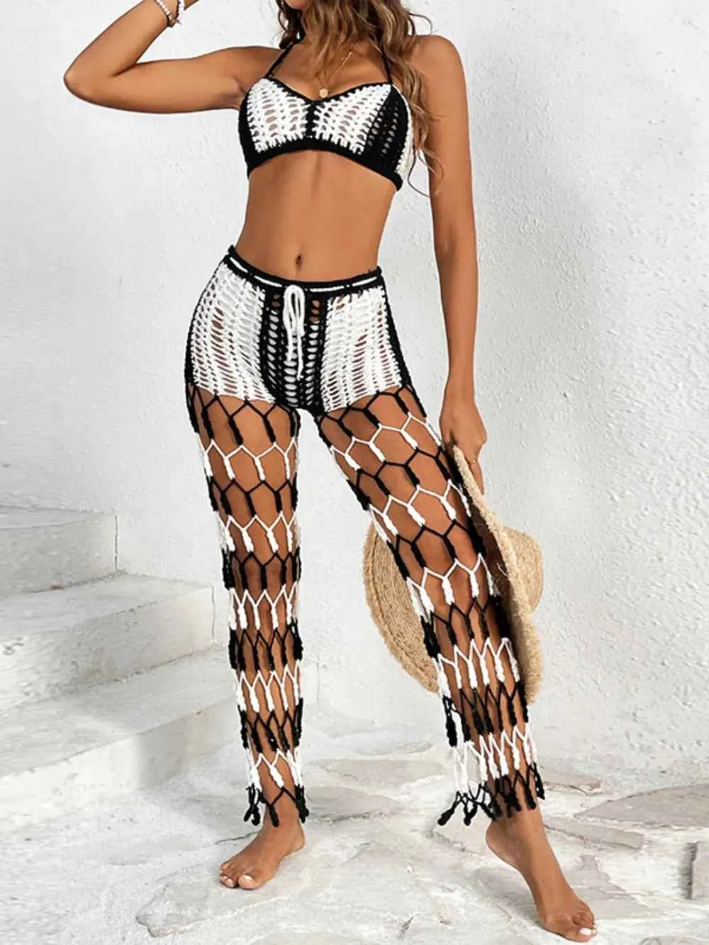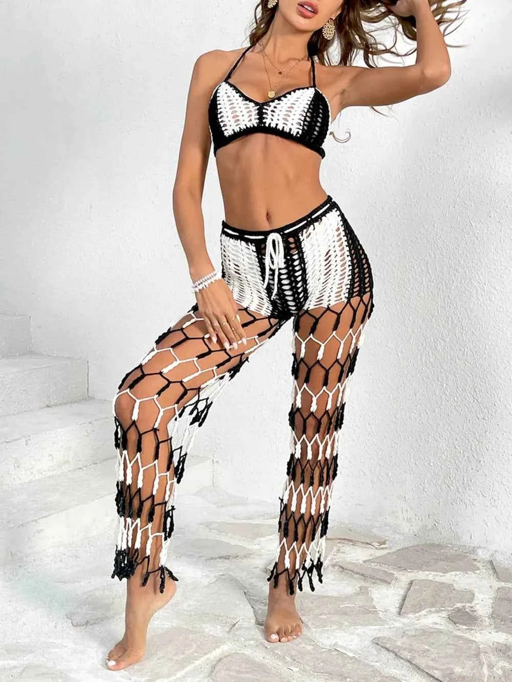 Cutout Halter Neck Top and Pants Two-Piece Swim Set
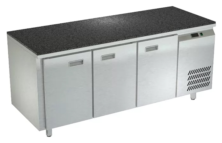 Холодильный стол Техно-ТТ СПБ/О-321/30-1807 предназначается для раскатки теста, обработки, охлаждения и кратковременного хранения продуктов и напитков на предприятиях общественного питания, торговли и пищевых производствах. Секции оснащены направляющими и ящиками с доводчиками. Материал корпуса - нержавеющая сталь AISI 430, материал столешницы - гранит (толщина 20 мм), материал задней панели и дна - оцинкованная сталь.
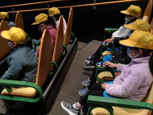 シアターで、交通安全クイズに挑戦。手元のボタンで回答しました。
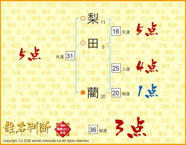 生活面を象徴する運勢です。外部から受ける影響力を表し、結婚運、家庭運や職場、環境への順応性を表します。総運から人運を引いた画数。姓や名が1文字の場合を除く。
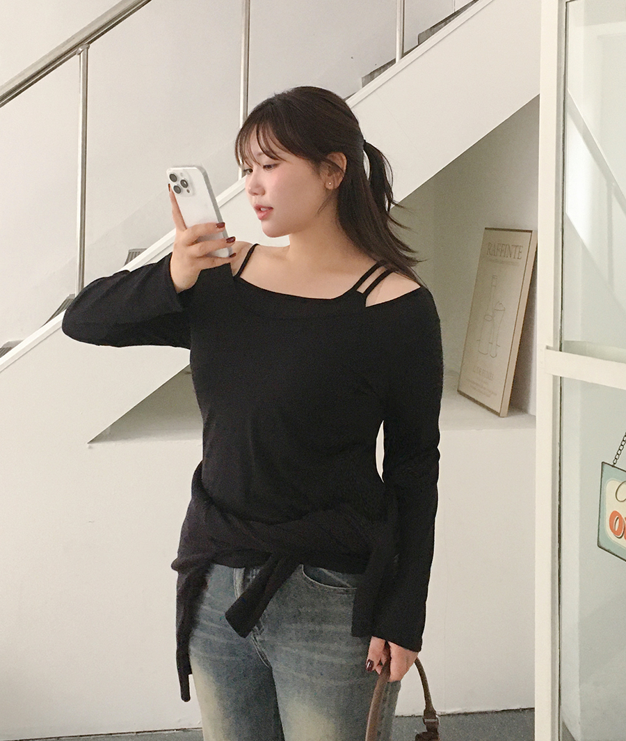 감각적인 비대칭 나시 어깨끈
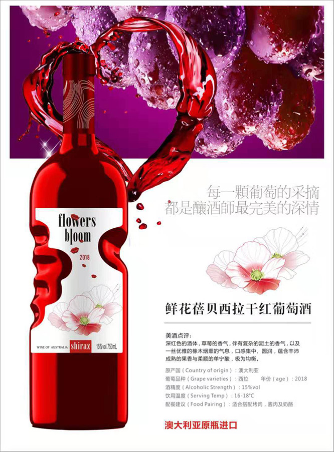 產(chǎn)品名:鮮花蓓貝西拉干紅葡萄酒15°750ml
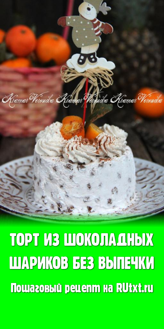 Украсить тортик по своему вкусу (я сделала несколько цветочков из взбитых сливок и украсила кумкватом). Торт из шоколадных шариков, приготовленный без выпечки, можно подавать к столу. Он прекрасно нарезается на кусочки. Очень простой и быстрый тортик, к тому же еще и очень вкусный, попробуйте!

Your goal: Write out an exact copy of the listing, first line through the line containing "シアターで、交通安全クイズに挑戦。手元のボタンで回答しました。", with the pictures left out.

Answer below:
 Cutout Halter Neck Top and Pants Two-Piece Swim Set
 Холодильный стол Техно-ТТ СПБ/О-321/30-1807 предназначается для раскатки теста, обработки, охлаждения и кратковременного хранения продуктов и напитков на предприятиях общественного питания, торговли и пищевых производствах. Секции оснащены направляющими и ящиками с доводчиками. Материал корпуса - нержавеющая сталь AISI 430, материал столешницы - гранит (толщина 20 мм), материал задней панели и дна - оцинкованная сталь.
 シアターで、交通安全クイズに挑戦。手元のボタンで回答しました。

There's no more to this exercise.